All these conditions were true this weekend, and yet we still had an issue whereby no person was alerted for over an hour after the first alerts were triggered. How was this possible?
It was (as most failures are) the result of multiple conditions interacting.
Firstly, the primary on call engineer for the week (stage 1 in the escalation chain) was going to be unreachable for 24 hours. He knew this, but, instead of moving himself to stage 2, he instead just informed his stage 2 counterpart he'd be out of touch, and relied on the escalations of LogicMonitor's alerting system. This did mean that such alerts would be delayed by 5 minutes, waiting for the 5 minute resend interval to escalate to the next stage, but he thought this was an acceptable risk - it is rare that our services have issues, and 5 minutes extra did not seem too long a delay in the unlikely event of an alert.

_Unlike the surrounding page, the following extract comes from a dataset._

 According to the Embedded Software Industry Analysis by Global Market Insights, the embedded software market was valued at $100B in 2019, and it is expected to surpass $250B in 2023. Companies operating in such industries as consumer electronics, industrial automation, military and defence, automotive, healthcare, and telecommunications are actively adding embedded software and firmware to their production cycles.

Secondly, the error that occurred was like a 'brown-out' condition. An error was triggered, an alert sent to stage 1 - but before the 5 minute escalation interval passed and the error was sent to the stage 2 engineer, the condition cleared, and service recovered for a few minutes. Then the condition recurred, an alert was sent, then cleared again. This pattern, of a few minutes of service impact that cleared before the alerts could be escalated to stage 2, repeated over and over. Only once the alert happened to persist for long enough to escalate to stage 2 was an alert sent to someone that could respond. (Which he did within minutes, restarted the problematic service, and restored service.)

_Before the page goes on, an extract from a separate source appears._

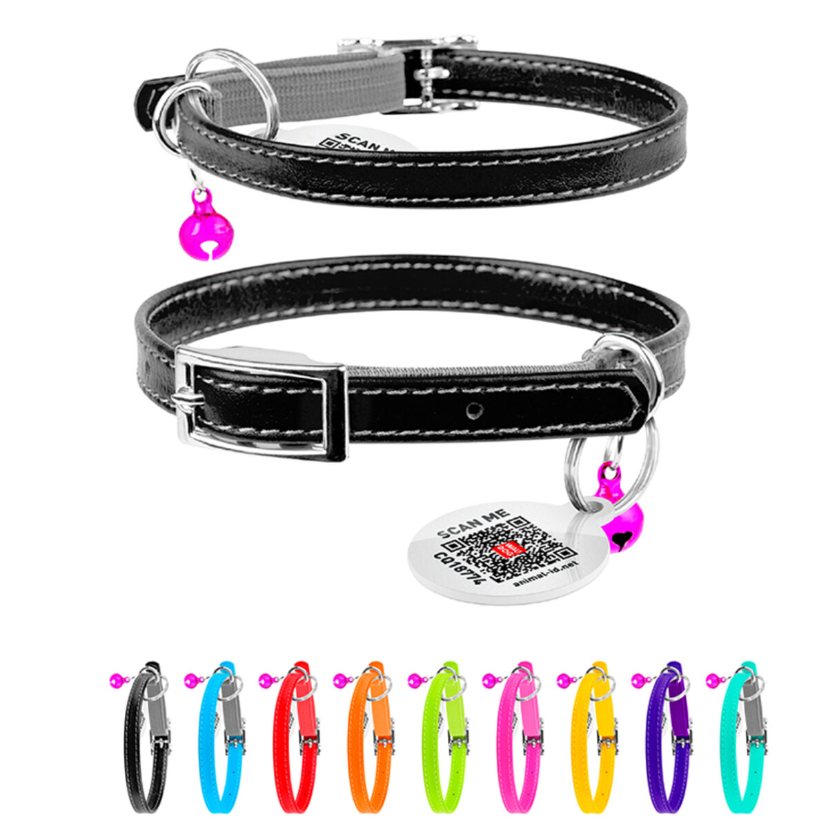 Нашийник для котів шкіряний WAUDOG Glamour з QR паспортом, без прикрас, XXS, Ш 9 мм, Дов 17-20 см чорний

Thirdly, this occurred on Sunday. Had it occurred mid-week, it would have been noticed regardless, via our dashboards or our Hip Chat integration, which posts alerts of error or critical to our Tech Ops chat room. (More on that later.)
How to prevent this in the future? This is where you get to learn from our mistakes. There's two ways to ensure that short alert/alert clear cycles don't prevent alerts from reaching the right people, at the right time. The first is a simple process one - ensure your stage 1 alert recipients are going to be available. (Kind of a 'duh' process in retrospect...) The second: for service affecting alerts, ensure that the Alert Clear Interval is set long enough that the alert will not clear before the escalation interval.

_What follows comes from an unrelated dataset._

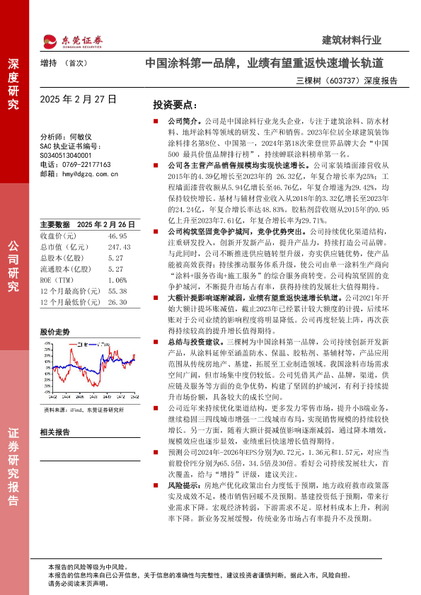 【东莞证券】【20250227】20250227-东莞证券-三棵树-603737.SH-深度报告:中国涂料第一品牌,业绩有望重返快速增长轨道-15页
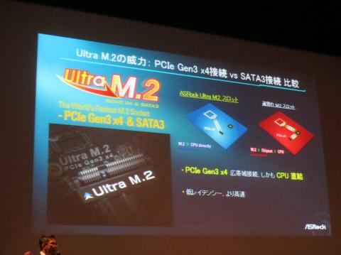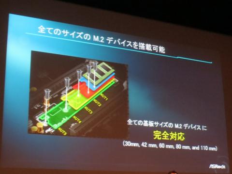 ASRockでは「ASRock Ultra M.2」となっていて、CPU直結で高速なことを謳っています。また、広めに場所を確保してあり、全てのサイズのM.2が使えるようです。サイズを気にせず使えるのは安心の一つですね。

If we'd have had the Alert Clear Interval set to at least 6 minutes, then even if the raw data was no longer triggering the alert, the alert would still be in effect at the 5 minute escalation period. The stage 2 engineer would have received the very first alert. (If he was not in front of a computer, he may well not have taken any action, as he'd have received an alert clear a minute later - but he then would have received a second alert the next time the issue occurred, a short time later, and would definitely have investigated, and resolved the issue.)
Having your Alert Clear Interval set to at least as long as your escalation interval will ensure that if your stage 1 drops the ball (or even is intentionally planning on dropping the ball), then short 'flapping' alerts will still be brought to the attention of stage 2. Of course, if stage 1 acknowledges, schedules down time, or otherwise deals with the alerts, then stage 2 can remain unaware, as the alerts won't be escalated to them at all.
(Another option: always ensure there are multiple people contacted on each stage, but then there is a problem of diffusion of responsibility, so we don't recommend that in general.)
We'll be updating our Alert Response Best Practices document to reflect this, but figured we'd get the word out sooner via the blog.